The last thing I’d like to highlight in terms of progress is that there’s been remarkable advances in adjuvant development, with newer adjuvants that promote stronger immune responses and also adjuvants that direct immune responses not only toward antibody responses but also toward T cell responses. And without getting too much into the weeds of immunology, T cell responses are very important for controlling many of the fungal infections that we see in our patients.

Dr. Turck:
For those just tuning in, you’re listening to Clinician’s Roundtable on ReachMD. I’m Dr. Charles Turck, and I’m speaking with Dr. Stuart Levitz about the latest updates on antifungal vaccines.

So given everything we’ve discussed so far, Dr. Levitz, what are the challenges in getting an antifungal vaccine developed and approved?

Dr. Levitz:
There are both scientific challenges and logistical challenges. I think the number one scientific challenge is that most patients with severe fungal infections, you know, systemic fungal infections—I’m not talking about athlete’s foot or jock itch or those sorts of fungal infections. Let’s say cryptococcosis in somebody with AIDS or aspergillosis in somebody who has profound neutropenia from leukemia treatment. For immunocompromised populations, vaccines generally don’t work as well, so a big challenge is getting vaccines that elicit enough immunity that they’re going to work in immunocompromised individuals. The other real issue is that even with the increased numbers of fungal cases, the target population is relatively small, so it’s not something like a COVID vaccine where it’s going to be recommended for almost the entire population or a flu vaccine where everybody should get an annual flu shot. You’re talking about a relatively small target population.

Clinical trials are very expensive, and follow-up to demonstrate efficacy can take years. With the COVID vaccine, within a few months we knew that it was a protective vaccine, but for a vaccine against fungal infections that may take years before developing, you would have to have a large patient population that would be followed for a long period of time. So for this reason and others, vaccine manufacturers often view fungal vaccines as products that are unlikely to be profitable and that would be difficult to study.

Dr. Turck:
Now if we look ahead for just a moment, where do you see the future of antifungal vaccines going?

Dr. Levitz:
I follow the fungal vaccine literature and the vaccine literature in general very closely, and there are a lot of promising vaccines that are close to being ready for at least phase 1 clinical trials. And as I mentioned before, there have been a few vaccines that have actually been tested in humans with promising results.
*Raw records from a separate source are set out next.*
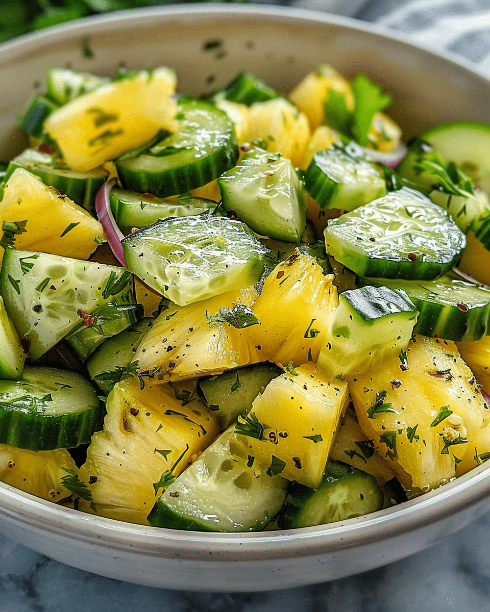 Pineapple Cucumber Salad is the kind of dish I turn to when I want something easy, healthy, and full of flavor. It’s light, vibrant, and endlessly versatile—perfect for summer gatherings or simply brightening up my lunch or dinner. Once I make it, it’s hard not to come back for seconds.
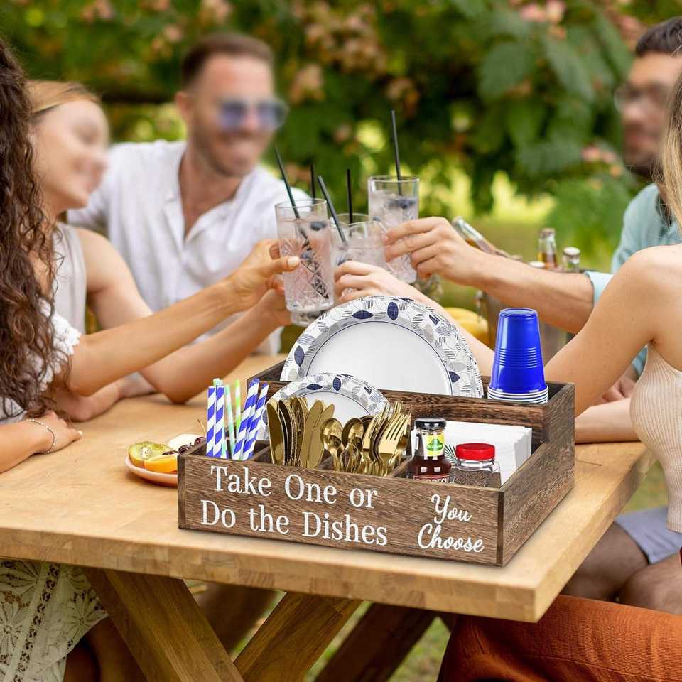 Assiette en papier Porte-boîte en bois de sapin rustique Caddy pour comptoir de cuisine Assiette en papier en bois Organisateur Porte-ustensiles Boîte
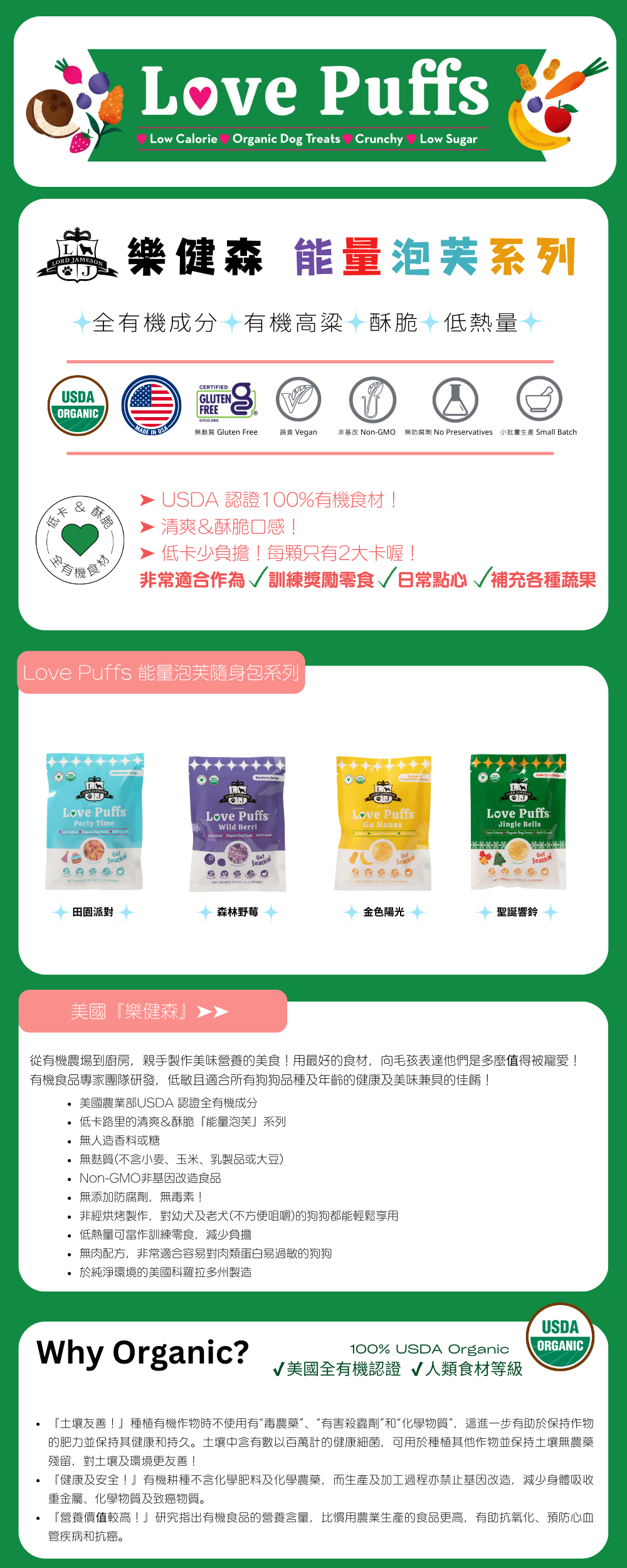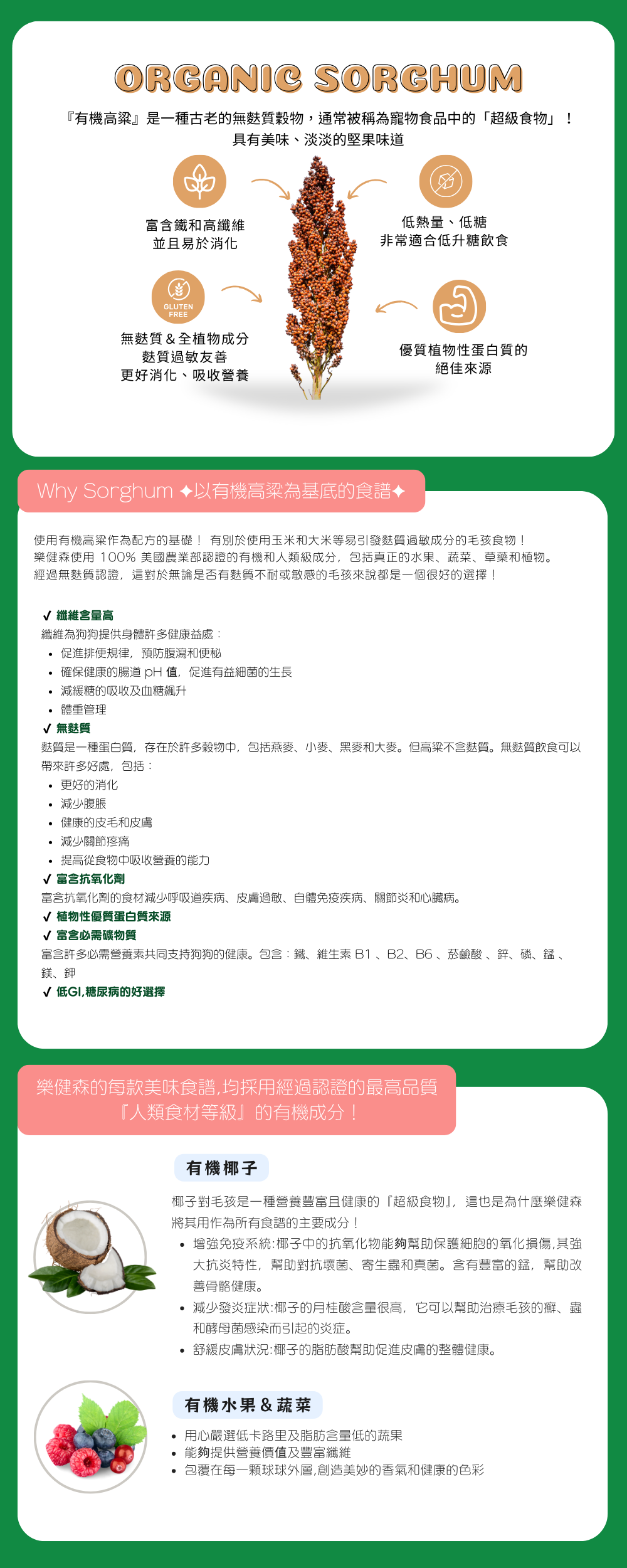 ◤有機高粱作為基礎!100% 美國農業部認證的有機和人食級成分,包括真正的水果、蔬菜、草本和植物。

I see fungal infections increasing as our immunocompromised population and our at-risk population increases, so I think with that increased need, I’m hopeful that companies will be willing to take chances on at least the most promising of the vaccines and that we can get some of them tested in human clinical trials.

Dr. Turck:
Well, this is such an important topic and timely as well. And I want to thank my guest, Dr. Stuart Levitz, for sharing his valuable insights with us today. Dr. Levitz, it was a pleasure speaking with you.

Dr. Levitz:
OK. Thank you.

Dr. Turck:
For ReachMD, I’m Dr. Charles Turck. To access this and other episodes in our series, visit Clinician’s Roundtable on ReachMD.com where you can Be Part of the Knowledge. Thanks for listening.